A food and supplies crisis could soon hit the Dzaleka refugees camp in Dowa district with government disclosing that it is only remaining with supplies that could last four months.
Minister of Homeland Security Ken Zikhale Ng’oma attributed this to a recent decision by the World Food Program which has cut to 50% all food and supplies assistance towards refugees.
He said this at a press briefing in Lilongwe yesterday, where he appealed for support.
“The World Food Program has reduced from 75% to 50% the supplies of food stuffs to the refugee camps in Malawi with effect 1st August, 2023. This will have an effect on our part because it will now be like a bottleneck for the government. This is why we urge everyone to help us, so that we can lobby donors.
“The supplies that we have will last up to 31st December 2023. We need to find a way that we should be able to support the refugees beyond that period,” said the minister.
At the briefing, the minister also said government will continue with the refugees relocation exercise. But he admitted that at the moment, the exercise has been hit by funding challenges as his department has not been able to get all the allocated funding for the exercise from the treasury.
Ng’oma also fired a warning shot to all refugees that have returned to towns and cities, that they have seven days to return to Dzaleka, failing which the government will be compelled to revoke their asylum and refugee status.

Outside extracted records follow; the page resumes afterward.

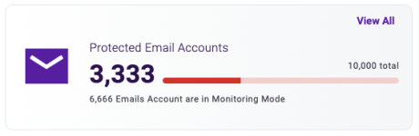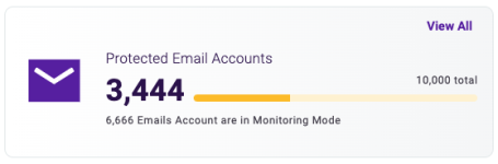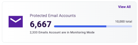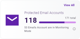 The Protected Email Accounts widget shows, from your total number of client email accounts, the number that are protected email accounts, meaning they are operating in Prevention Mode.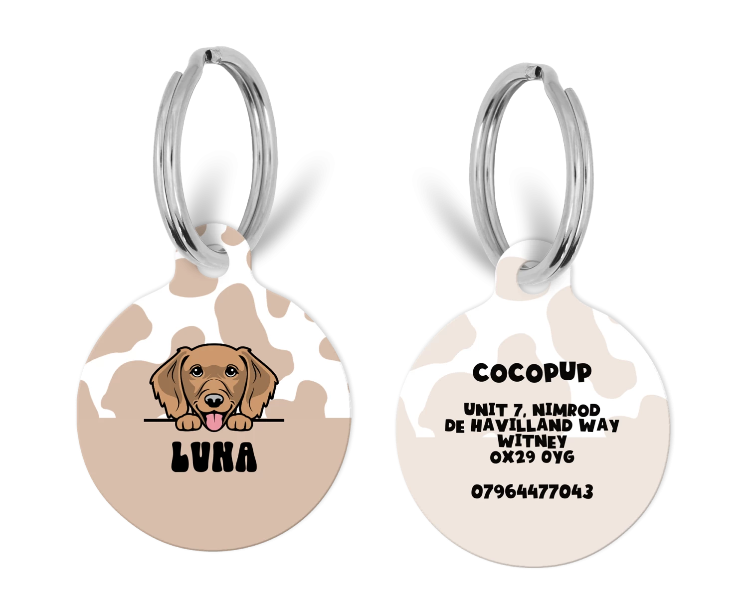 The tag is double sided, the front features your fave Cocopup Nude Cow print with a super cute cartoon version of your doggo along with their name. On the back we can print key important information such as your last name, address and phone number. Our ID tags will ensure you pooch can strut its stuff in style.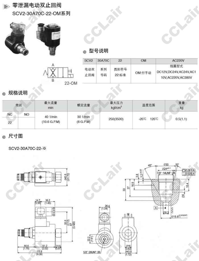 SCV-30A70C-22-OM-DC12V,SCV-30A70C-22-OM-DC24V,SCV-30A70C-22-OM-AC24V,零泄漏電動止回閥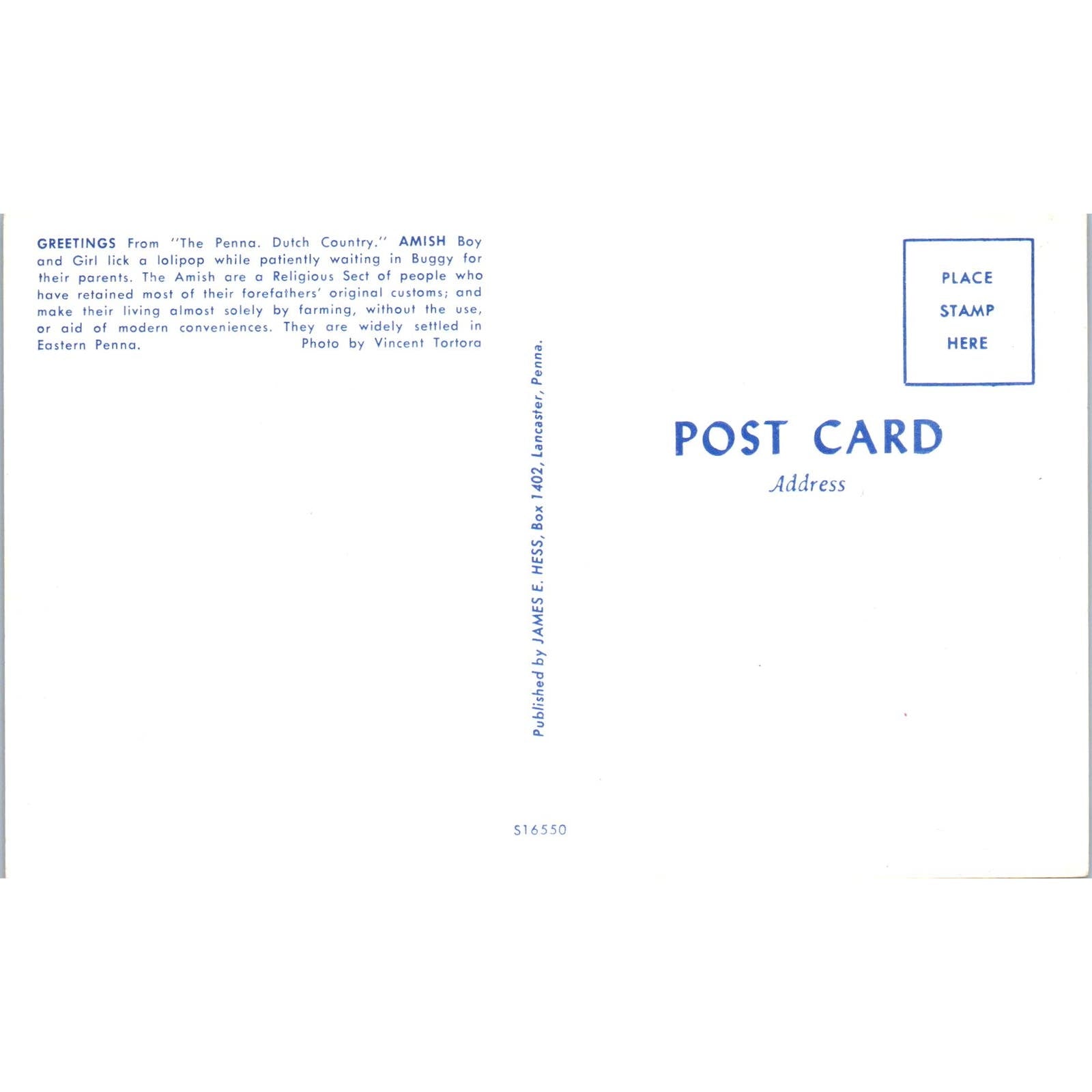 Amish Boy & Girl Lick a Lollipop Pennsylvania Dutch Country Vintage Postcard PD5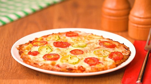 Karnabaharın gövdeleri hariç kalan yerleri mutfak robotundan geçirin. 150 derece fırında 12 dakika pişirin. Fırından çıkardıktan sonra yumurta, rendelenmiş kaşar peynirini ve baharatlarla karıştırın. Karışımı yağlı kağıdın üzerine pizza tabanı üzere yayın. Evvelce ısıtılış 180 derece fırında 20 dakika pişirin. Bu esnada domates sosu için gerekli gereçleri karıştırın. Fırından çıkan tabının üzerine sürün. Peynirle ve istediğiniz gereçler ile kaplayıp üzerindeki peynir eriyene kadar fırında yakalım 10-12 dakika pişirin.

“We are giving all refugees that have returned to cities and towns to return to Dzaleka Refugees camp within seven days. If they do not comply with this notice, they will revoke their status and deport them out of this country. Everyone must return and follow proper procedures for conducting business in Malawi. You cannot be operating a business in the country illegally,” Ng’oma said.
Meanwhile, Executive Director for Center of Democracy and Development Initiatives (CDEDI) Sylvester Namiwa says this is a key indication, that the refugees do not need to be condemned into camps, as a good number of them can feed themselves.
“We warned the government to stop that exercise for the following reasons; first, it lacks merit and that it made no sense, Africans victimizing fellow Africans. Why would the government force them into very congested camps? People that were self-reliant? The same government that is failing to feed its prisoners and its citizens, how would it feed the refugees?” asked Namiwa.
Dzaleka refugees camp in Dowa district currently has over 50 000 refugees against a holding capacity of not more than 14 000 refugees.